4.2. MMR and MenACWY Vaccine Status and On-Campus Vaccination Preferences

An important strategy for increasing MMR and MenACWY vaccine uptake among young adults is making them aware of their vaccination status [53]. This is now demonstrably possible via digital applications such as the NHS App and EU Digital COVID certificate. Our survey found high levels of uncertainty among students about their MMR (11% did not know) and MenACWY (26% did not know) vaccine status and 3–4% who reported no uptake (Table 3). In a 2019/2020 questionnaire performed just prior to the pandemic, 16% and 54% of University of Leicester students reported not knowing their MMR and MenACWY vaccine status, respectively [31]. Estimates of actual vaccine uptake in England indicate that uptake is <90% for both the MMR and MenACWY vaccines (last reported in July 2019 and 2017/2018, respectively) with the MMR vaccination levels being below the >95% coverage recommended by the World Health Organisation for preventing measles and mumps outbreaks [28,30,54]. Many students who are uncertain about their vaccine status may not have had these vaccines, particularly international students (who reported high rates of uncertainty about their MMR and MenACWY vaccine status).
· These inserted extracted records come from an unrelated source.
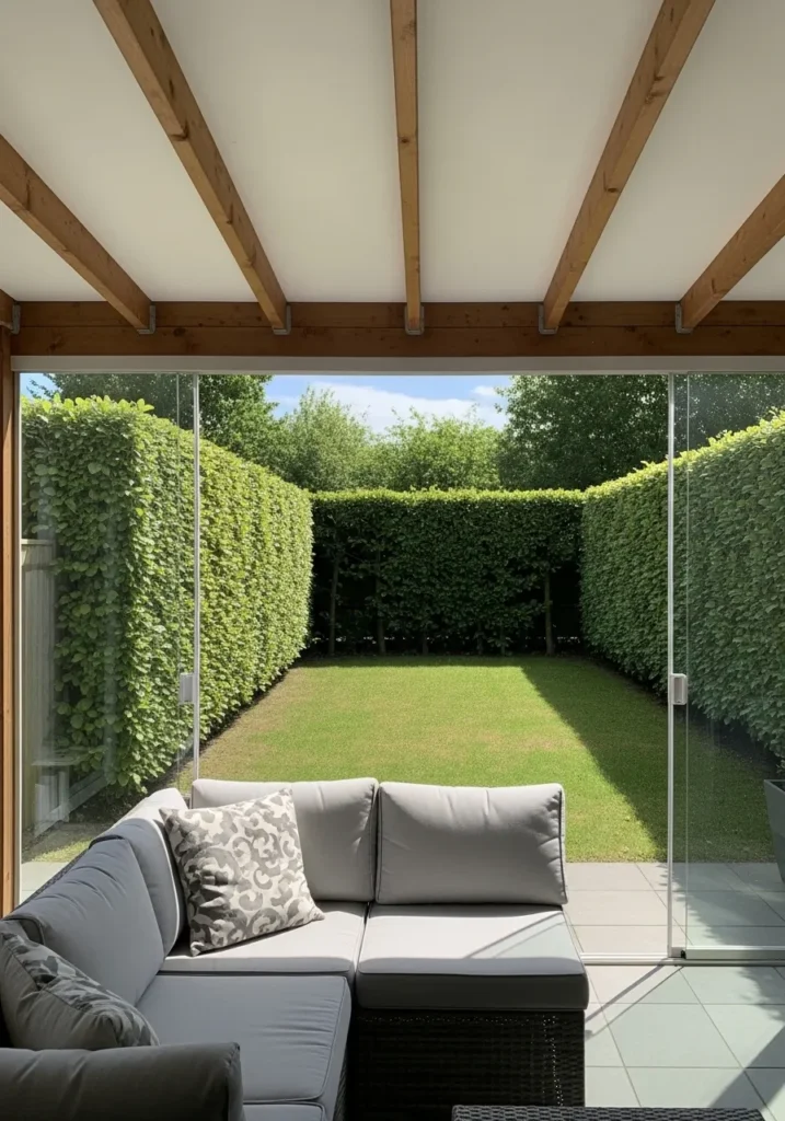 This covered patio uses sleek glass walls to frame a perfectly trimmed hedge that acts as a lush privacy screen. The exposed ceiling beams add a touch of warmth and contrast against the clean lines of the glass. A comfortable sectional sofa anchors the corner, creating a cozy indoor outdoor feel. The vibrant green lawn beyond the glass keeps the space fresh and bright while still feeling protected.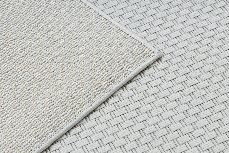 Beżowy dywan jednokolorowy ze sznurkową fakturą, który wprowadzi do korytarza subtelną elegancję i ciepły akcent.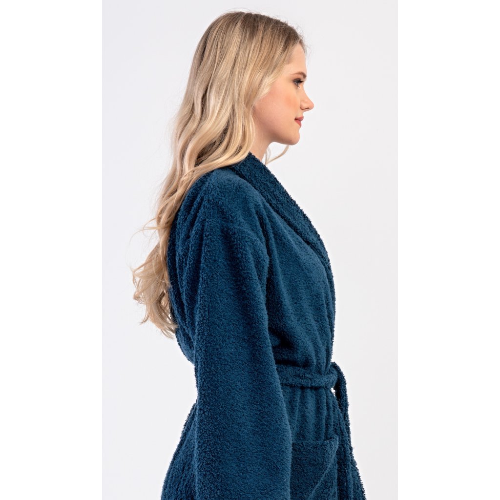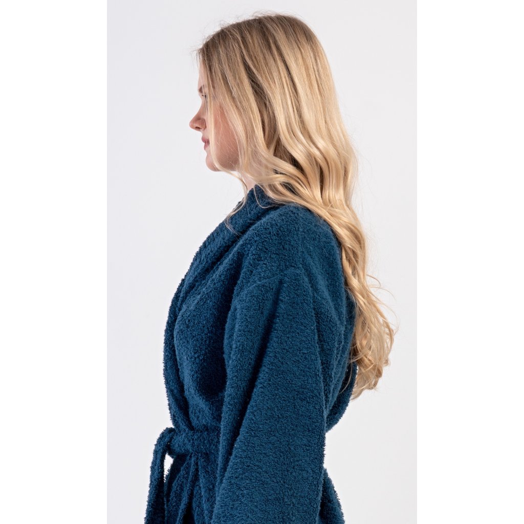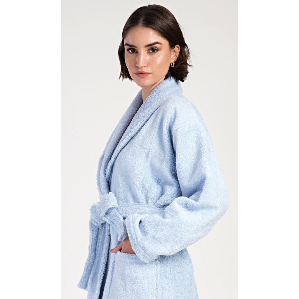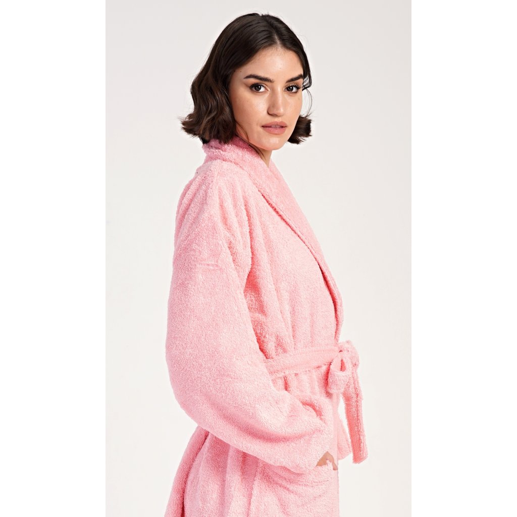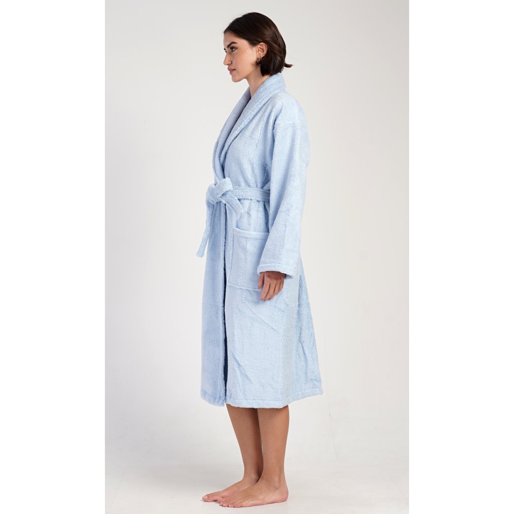 Dámsky dlhý froté župan so šálovým golierom Karolína. Dámsky dlhý župan so šálovým golierom, sťahovacím pásom a vreckami je vhodný po kúpeli alebo na domáce leňošenie na gauči. Použitý bavlnený materiál je príjemný a pružný na dotyk.

These students will be at a higher potential risk of contracting and/or spreading the diseases targeted by these vaccines. Public Health England recommends that anyone who is uncertain about their vaccine status or has missed a vaccine dose should be offered these vaccines [55]. Most students will be unaware of this recommendation; indeed, 20% of UoL students did not know that these vaccines are free (Table 3)). High proportions of UK students and UK-based international were in favour of on-campus provision of MenACWY, MMR and COVID-19 vaccines, with the latter group potentially reflecting difficulties in understanding how to access the UK medical system. The statistically significant evidence of support for provision of on-campus COVID-19 vaccinations indicates that students value easy access and that this strategy could help to address deficits in vaccine uptake of all vaccines relevant to this age group.

4.3. Recommendations

Harnessing new approaches developed during the UK COVID-19 vaccine roll-out is a potential positive legacy of the pandemic to build back better for future generations. Empowering digitally aware young people to take responsibility for their own health and to engage in community health policies is an achievable, cost-efficient outcome with far-reaching personal and population benefits. A key recommendation is for provision of vaccine status and access information for all vaccines on digital platforms (e.g., NHSapp in the UK) so that individuals can make informed decisions about taking up missed vaccinations. Specific delivery of vaccines to international students should be a gold standard for the university sector combined with wide adoption of on-campus vaccination programmes. The benefits of implementation of these recommendations would be protection of more individuals and improved population protection through reduced transmission.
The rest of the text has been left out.